I am crying really hard right now

There was a tragedy at Interlochen last night. Someone chose to do something they knew was against the rules, and as a result, Interlochen lost an amazing student. A gifted performance artist is leaving one of the most unique schools in the country, all because someone thought they were immune to consequences. Someone lost a chance last night, and it could have been prevented.

Why am I being needlessly melodramatic? Because I know the person who is going home, and I will miss him more than I can express. Because I know people cross lines and realize too late that they can't go back. Because I hate feeling so helpless, knowing that these people do cross lines and that there is virtually nothing I can do to stop them.

Remember my Red Ribbon Week post? If you go to school with me, you know that at the end of October I ran around with a box of ribbons and a carefully-prepared anti-drug speech, trying to convince my friends to keep our school drug-free. This is why. Moments like these, when you realize just how heavily something as innocuous-sounding as a cigarette can do irreparable damage to a person's reputation, career, and life. No one likes to think about these things. They think that by smoking, drinking, and doing drugs they will be going against the grain, fighting the power, sticking it to the man. They see themselves as beatniks, hippies, rebels.

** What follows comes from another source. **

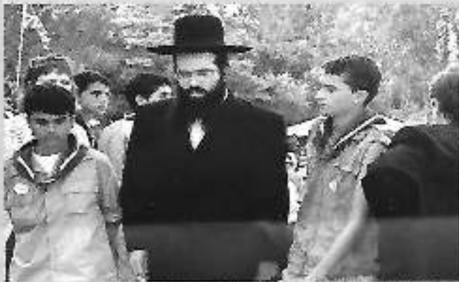
הרב הנח צבי רובינשטיין

I will admit, there was a time when I admired the dark glamour of these kinds of rebellion. Every teenager sees, at some point or another, a person smoking a cigarette or throwing back a shot like it's no big deal, and they automatically jump to the conclusion that the person doing these things is "cool." It's natural. It's understandable. And I confess that, although I've never done anything like this, there was a time when I secretly wondered what it would be like to smoke, to drink, to "rebel." To "be cool."

But after seeing dozens of my classmates expelled for "being cool," I know better.

At a public high school these things mostly go unnoticed. If I had wanted to, I could have wandered off to the courtyard, gotten stoned, and gone to class without so much as a custodian calling me out on it. But that doesn't mean that it's impossible to see the effects of doing things like that. Going out and getting plastered at regular and frequent intervals can do astonishing things to a person's reputation, 99.9% of them negative, even if your teachers don't care.

But at a private school, getting into substances leads to serious s#@%. Don't believe me? How many posts have you seen me write about drug use, or about seeing my friends or my friends' friends get expelled? All it takes is a text message. All it takes is for your hall counselor to see you slip something into your pocket. All it takes is one time before the manure hits the air circulator. The next thing you know, the witch-hunt is on, and people are frantically clearing their phones and taking out their trash and their suitemates' trash, just in case they did or have something that might be incriminating, regardless of whether or not they've done anything wrong.

I don't know what the solution is. But I firmly believe in what I wrote back in October, about making a difference one tiny step at a time. I firmly believe that it is possible to fight the system without resorting to pot or booze. And I firmly believe that if you believe in something and you have something to say, there is someone, somewhere, who will hear you.

And right now, Interlochen is hurting because someone did not think there was any other way to say what he wanted to say than to break the oldest rule in the book.

I can't elaborate any further. I can't judge. All I can say is that I will miss him, and I wish him luck and hope that he can be strong and continue to kick ass in the arts world, with or without Interlochen Arts Academy.